John Ruhlin, an expert in corporate gift giving and the author of the book Giftology, suggests surprising clients by sending them a gift on days that aren’t associated with gift giving, like St. Patrick’s Day or the 4th of July.
“There are a million and one national holidays to choose from,” said Ruhlin. “For instance, send a pizza along with a high-end pizza stone and slicer on National Pizza Day. It can be so easy if you are willing to open your eyes to the possibilities.”
Ruhlin added, “By doing this, we cut into any sense of entitlement because the gift never becomes an expectation. It’s always a surprise, and it always makes an impact.”
Giving gifts to your clients is a great way to show your gratitude and appreciation. But don’t feel pressured to do this during the holiday craze.
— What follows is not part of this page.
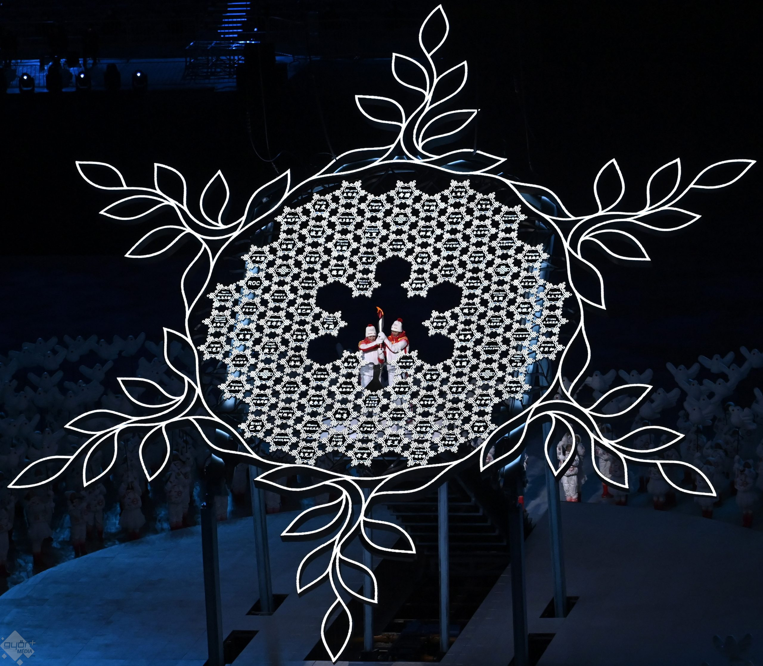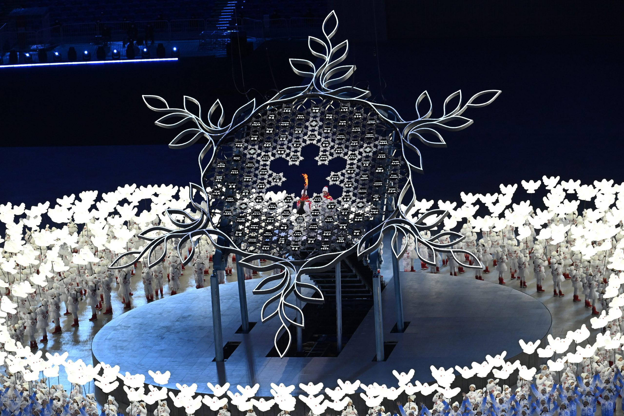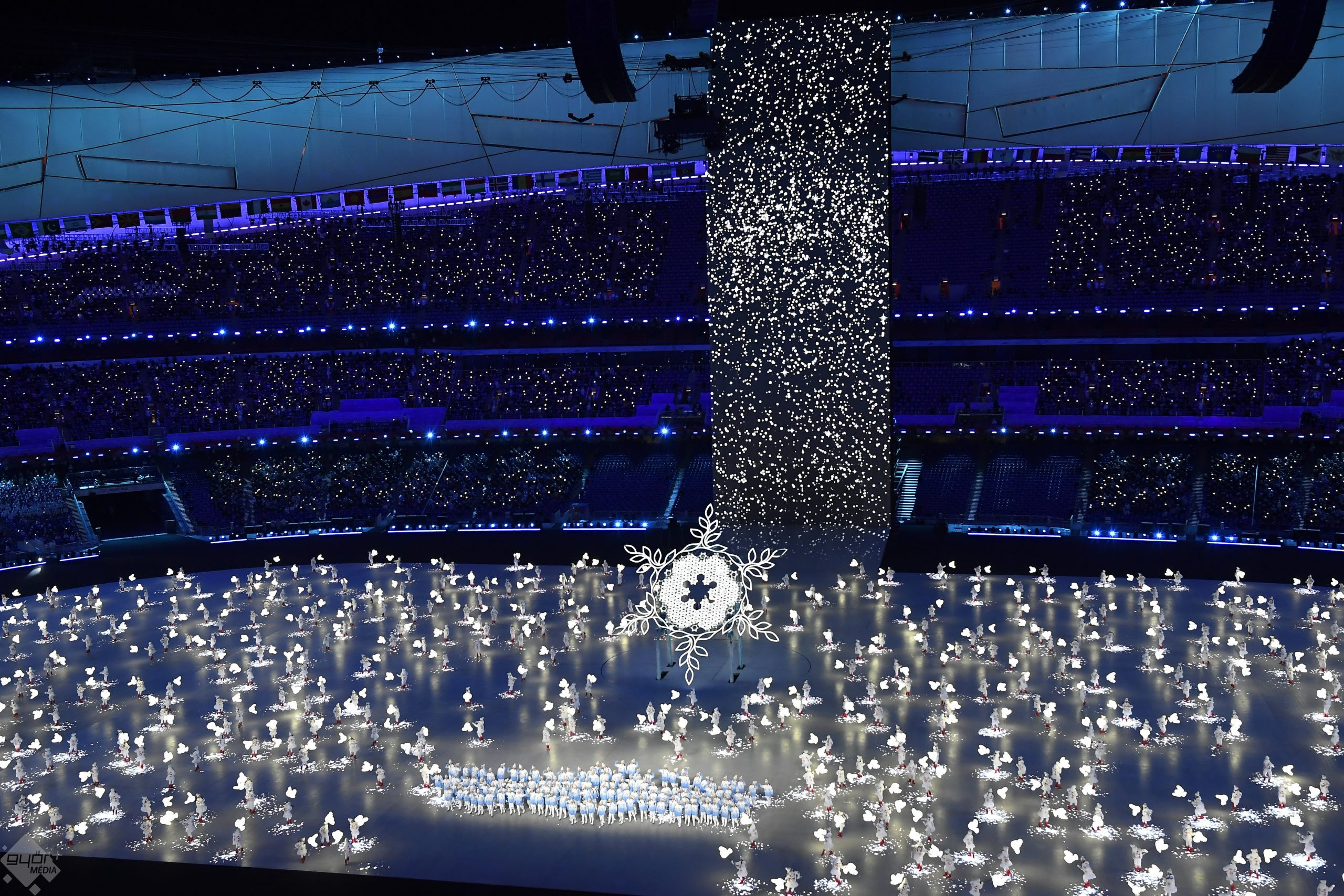 A sportolók bevonulása előtt jégből készült hatalmas méretű olimpiai ötkarikát emeltek a bejárat elé. Az olimpiai lobogót a program vége felé hat hazai téli sportoló hozta, köztük Csang Hung, Kína első olimpiai bajnok gyorskorcsolyázója, Han Hsziao-peng síakrobata, Kína első “havas” olimpiai bajnoka, Sen Hszüe műkorcsolyázó, a sportág első kínai ötkarikás bajnoka, és Luo Cse-huan, aki gyorskorcsolyázóként még 1963-ban megszerezte Kína első világbajnoki címét téli sportágban. Az olimpiai esküt Vang Csiang sífutó, Liu Csia-jü hódeszkás, valamint egy bíró és egy edző mondta el. Az olimpiai lángot a stadionban generációk adták át egymásnak, legendás, különböző évtizedben született kínai sportolók, végül a 2000-es években született Dinigeer Jila-mucsiang és Csao Csia-ven vitte fel a lángot egy emelvényre, majd egy hópehely közepébe került. A fenntarthatóság jegyében az utolsó fáklya lett az olimpiai láng, ami ott fog égni február 20-ig.

In fact, it’s better that you do this throughout the year — it will be more meaningful and more impactful, and it will keep you top of mind.
When you purchase gifts for your clients, make sure they’re personal and thoughtful — not just a shameless plug for your business. While you may want to avoid a Scrooge-like reputation, don’t overdo it — keep the present within a budget that works for you, and make sure it fits the recipient.
Do you send holiday gifts to clients? If not, when do you send gifts, and why?